データを扱う「駆動輪」とビジネスを扱う「操舵輪」という両利き
今回は、データインフォームドを実現する前提として、「データ活用をうまく進めるための2つの役割」をご説明するところから始めさせていただきます。その2つの役割とは「駆動輪」と「操舵輪」です。
データを用いて考える、データを活用する。そういう言葉を耳にしたとき、人は真っ先に「データを上手く取り扱う技術」のことを思い浮かべます。当然ながら、データを扱うことができなければ、データに触れることができず、データから判断材料となる情報をつくりだすことができません。
その一方で、いくらデータを上手に、そして素早く加工することができたとしても、それだけでは「データを活用できている」ということにはなりません。いくらボールを投げるのが上手くても、野球ができるとは言えません。キック力が強くても、サッカーができるとは言えません。その時々の状況に応じて求められる役割を理解し、点を取るとか、しっかり守るとかいった、適切な行動を取ることがもとめられます。
データを扱う技術は、スポーツでいうところの、ボールをうまく投げることができる、強くボールをけることができる、速く走ることができる、といった能力に似ています。それがなければ困るけれど、それだけあれば良いというわけではない。そういう能力です。

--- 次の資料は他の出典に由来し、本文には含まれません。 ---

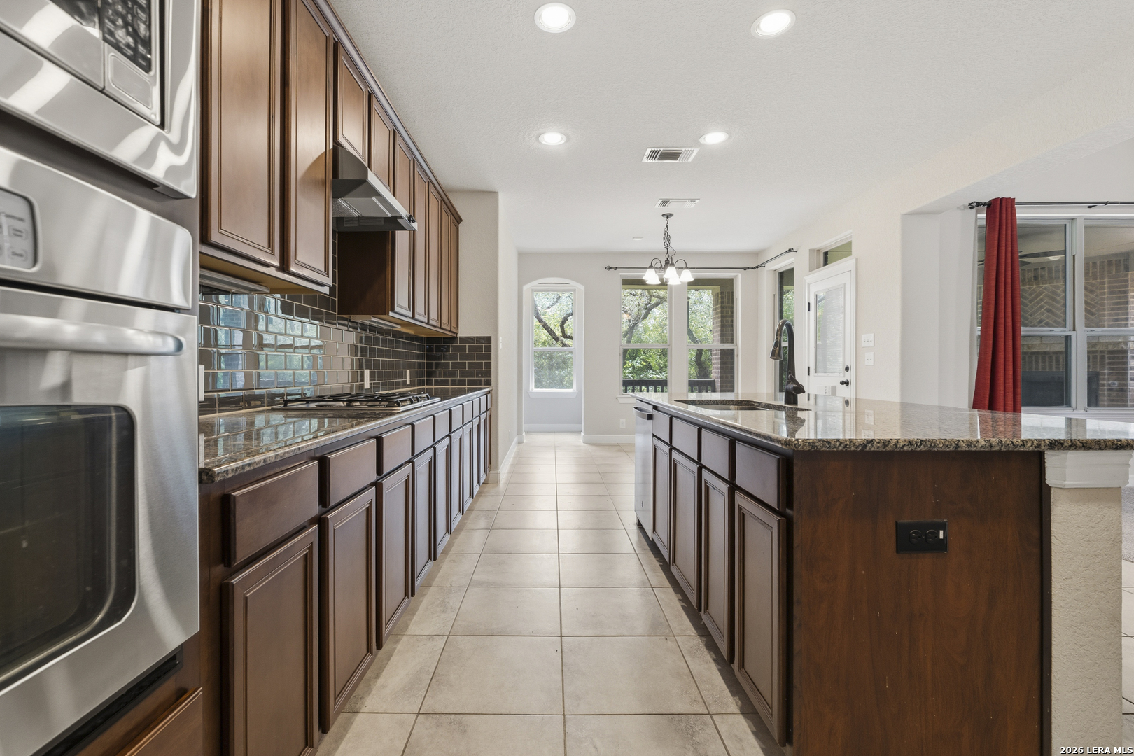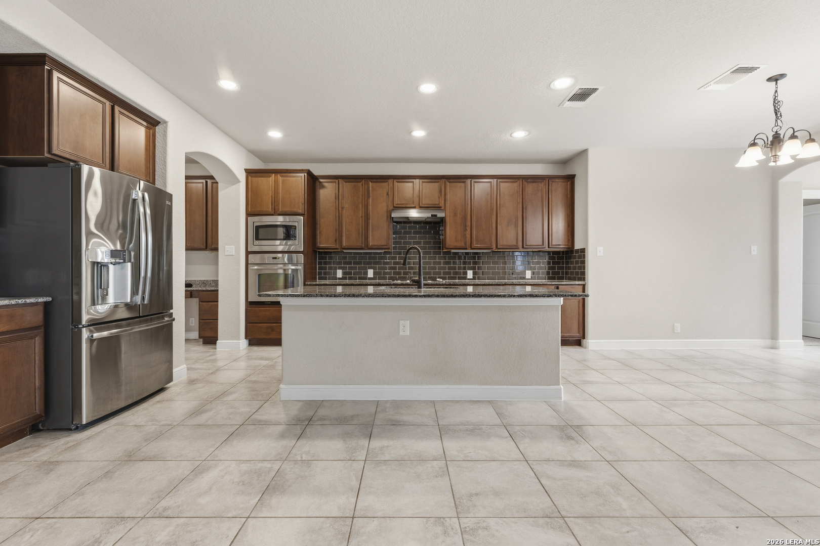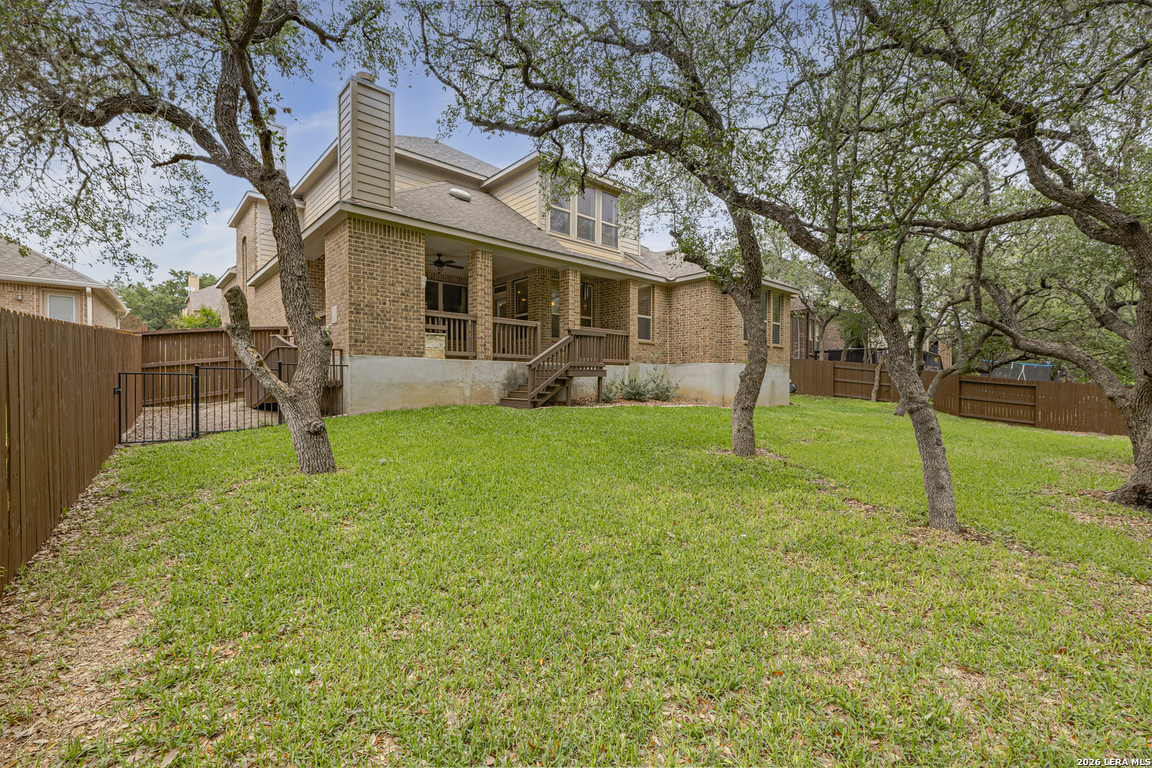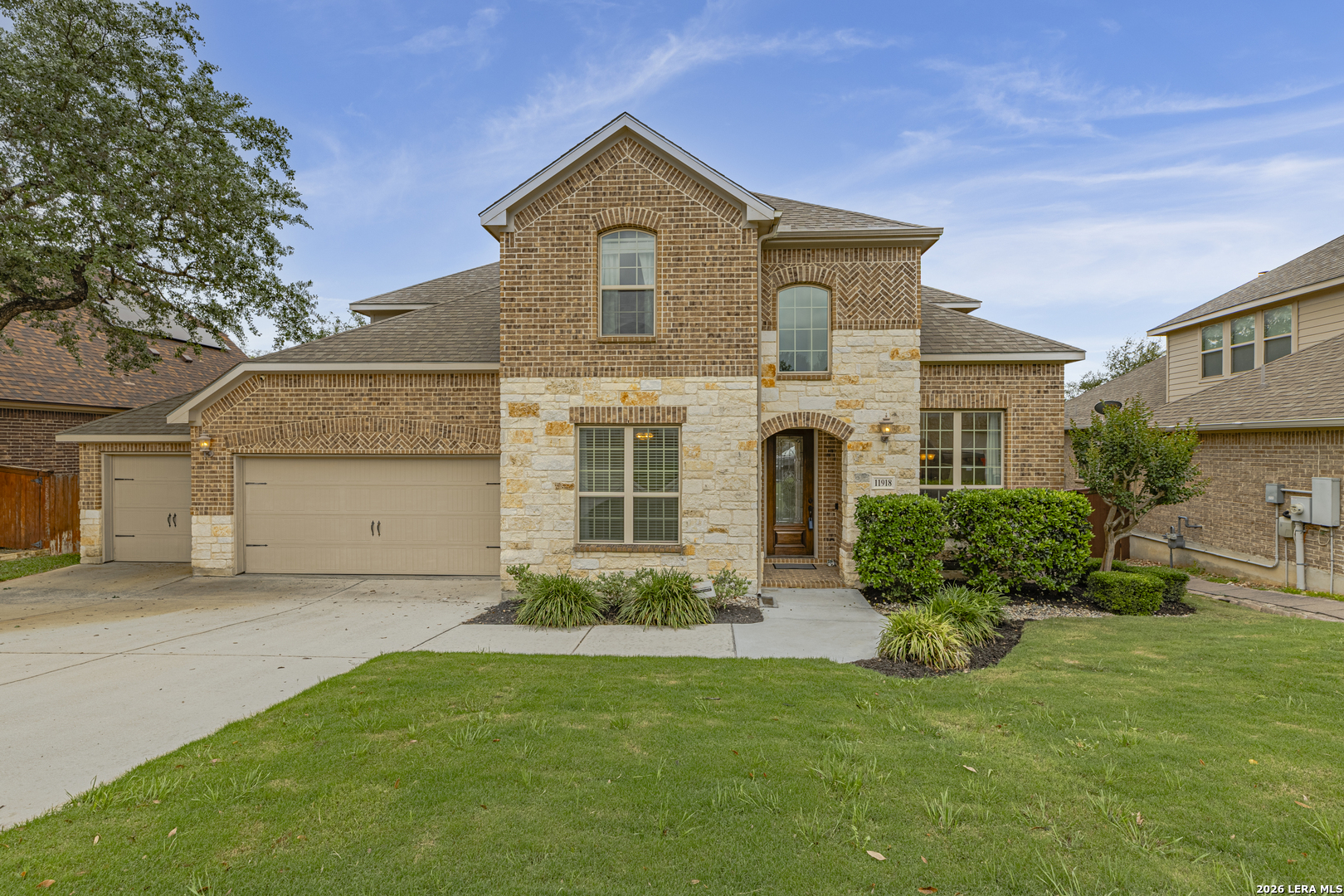 Nestled within the coveted gated community of Preserve at Alamo Ranch, this beautifully crafted Highland Homes residence offers an exceptional blend of luxury, comfort, and thoughtful design. Spanning an impressive 3,578 square feet, the residence features 4 spacious bedrooms, 3.5 baths, and an attached three car garage. At the heart of the home, the gourmet eat-in kitchen showcases an expansive island, granite countertops, and stainless steel appliances-ideal for gathering with family and friends. The inviting living area is anchored by a striking stone fireplace, creating a warm and welcoming ambiance. A private study and formal dining room provide flexibility for work and hosting, while the oversized primary suite serves as a tranquil retreat, complete with a spa-inspired bath. The well-designed layout includes an upstairs ensuite bedroom and an additional double-vanity hall bath, ensuring comfort and privacy for guests and family alike. Enjoy a generous bonus room along with a dedicated media room-perfect for movie nights or game days. Step outside to an extended covered patio with a built-in fireplace-perfect for year-round relaxing and entertaining, all backing up to a greenbelt for added privacy. Recent updates include new carpet in the living room and primary bedroom, tile flooring in the office, upgraded surround sound, and a new roof currently in progress. The home also conveys with a refrigerator, projector, screen, media room table, surround sound speakers, and curtains-making it truly move-in ready. Enjoy the resort-style amenity center with a sparkling pool, complemented by scenic trails, expansive green spaces, basketball courts, and a thoughtfully designed playground. Conveniently located near Alamo Ranch shopping, dining, and entertainment, with easy access to Loop 1604, Highway 151, and Highway 90, this home offers both exceptional lifestyle and prime location.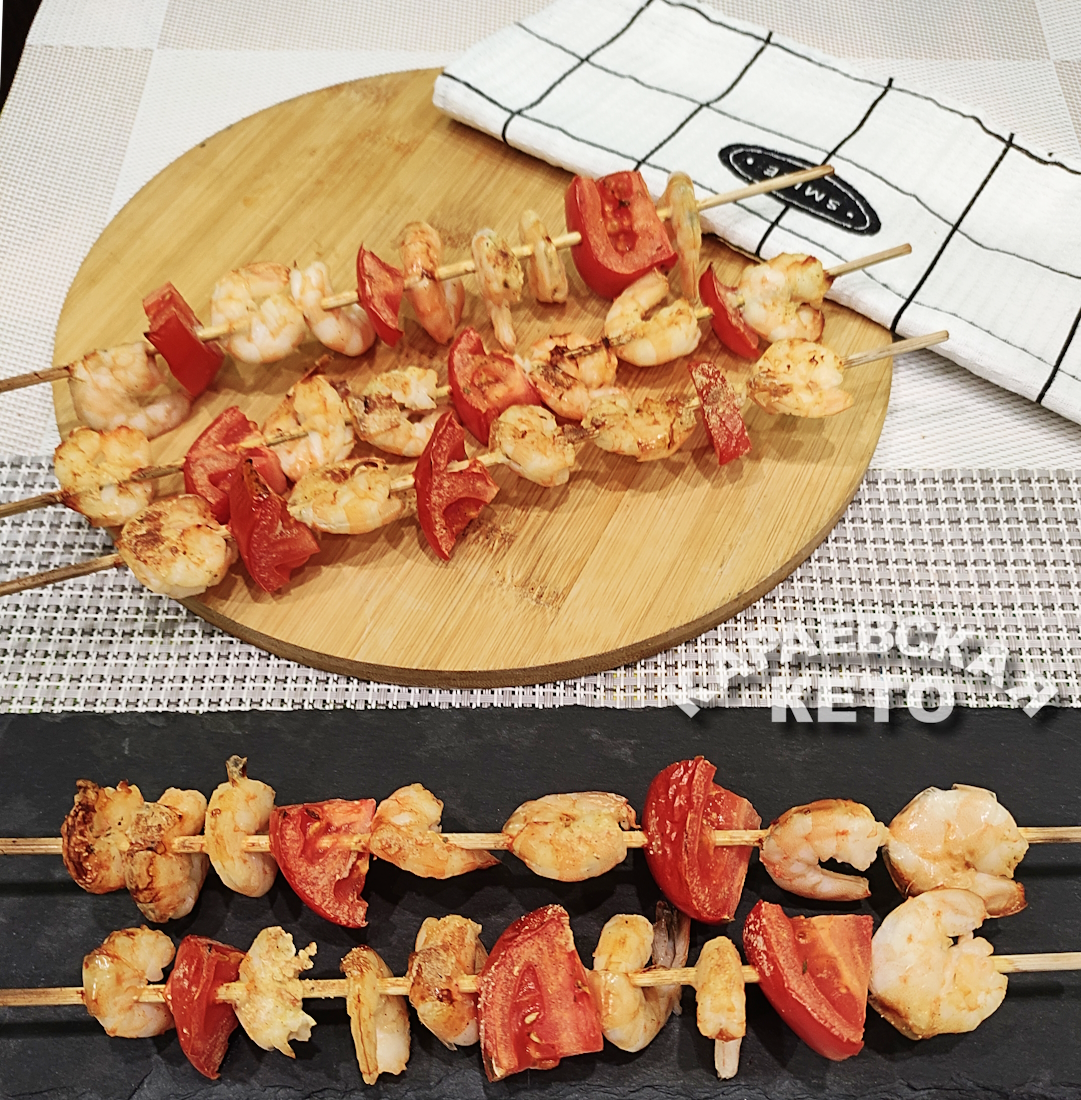 Насадить чередуя креветки и помидор. Посолить и сбрызнуть соком лимона.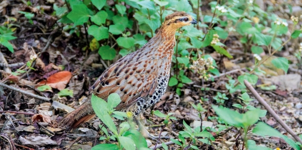 鉴别特征:体长约34 cm,体形中等的鹑类。体羽多灰褐色,头部具黑色的眼纹和黄白色的眉纹。上胸栗色,下胸和腹部具明显的黑色斑点。雌雄相似。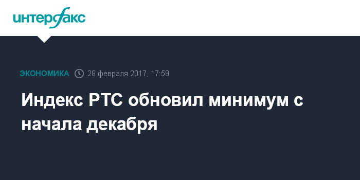 Москва. 28 февраля. INTERFAX.RU - Индекс РТС, один из основных российских фондовых индикаторов, к вечеру вторника пробил вниз отметку 1100 пунктов на фоне распродаж бумаг и ослабления рубля.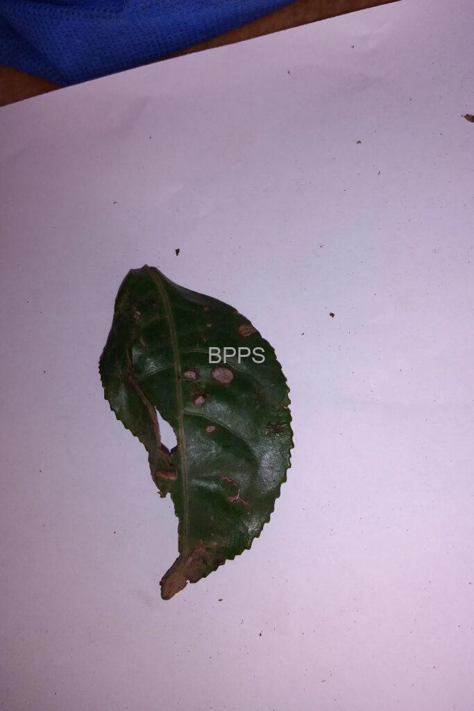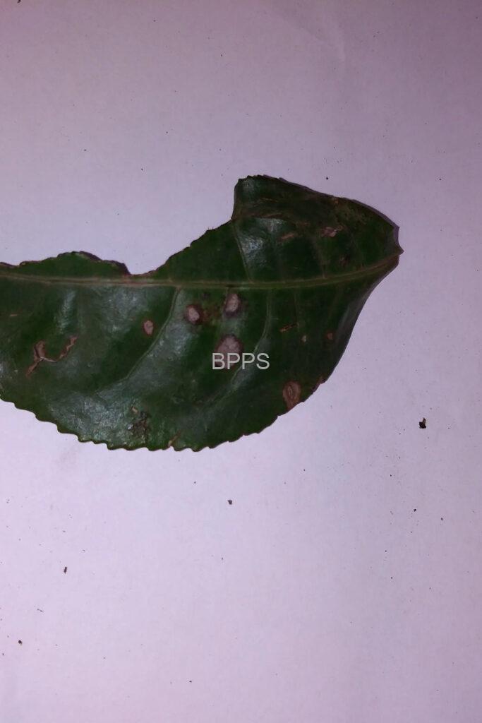 【识别要点】 危害茶树叶片,病斑半圆形或不规则形,分界明显,一般在叶尖、叶缘开始产生水渍状黄褐色小点,扩展后病斑褐色变为焦黄色,最后为灰白色。 但受主脉限制常表现为半叶病斑,后期病斑表面散生许多黑色细小粒点。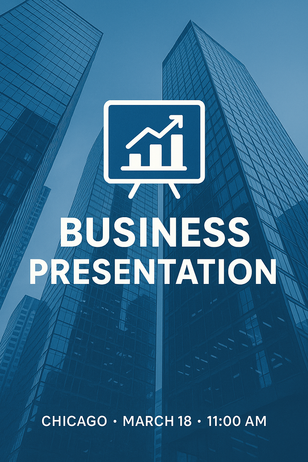 Professional announcement graphic featuring a business presentation theme with sleek skyscraper imagery, suitable for corporate events and meetings.

そこで必要になるのが「データをビジネスのために使う技術」です。これを分解すると、「目的設定能力」と「データの解釈能力」となります。
まず「目的設定能力」ですが、データ活用の目的を設定し、その目的のためにどのようにデータを活用するかを考えることが重要です。これを怠ると、どれだけデータを加工しても全く意味がありません。
そして「データの解釈能力」ですが、データを加工して作成されたアウトプットの内容を理解し、そこから得られる示唆を導き出すことも必要です。そうしなければ、データ分析を「やっただけ」で終わってしまいます。
つまり、データを扱う手前と後ろに「ビジネスとデータをつなぐ役割」が求められているのです。
こうした役割を、私は「操舵輪」と呼んでいます。ハンドルを切って方向を決める役割です。データを扱う力は「駆動輪」です。車を前に進めるための動力源です。
駆動輪が無ければ、推進力がありませんので、物事は前に進みません。しかし、駆動輪だけでは行きたい方向に進むことができませんし、場合によっては壁に激突したり、崖から下に落ちたりしてしまいます。
駆動輪と操舵輪の2つが合わさって初めて、データ活用が成功するのです。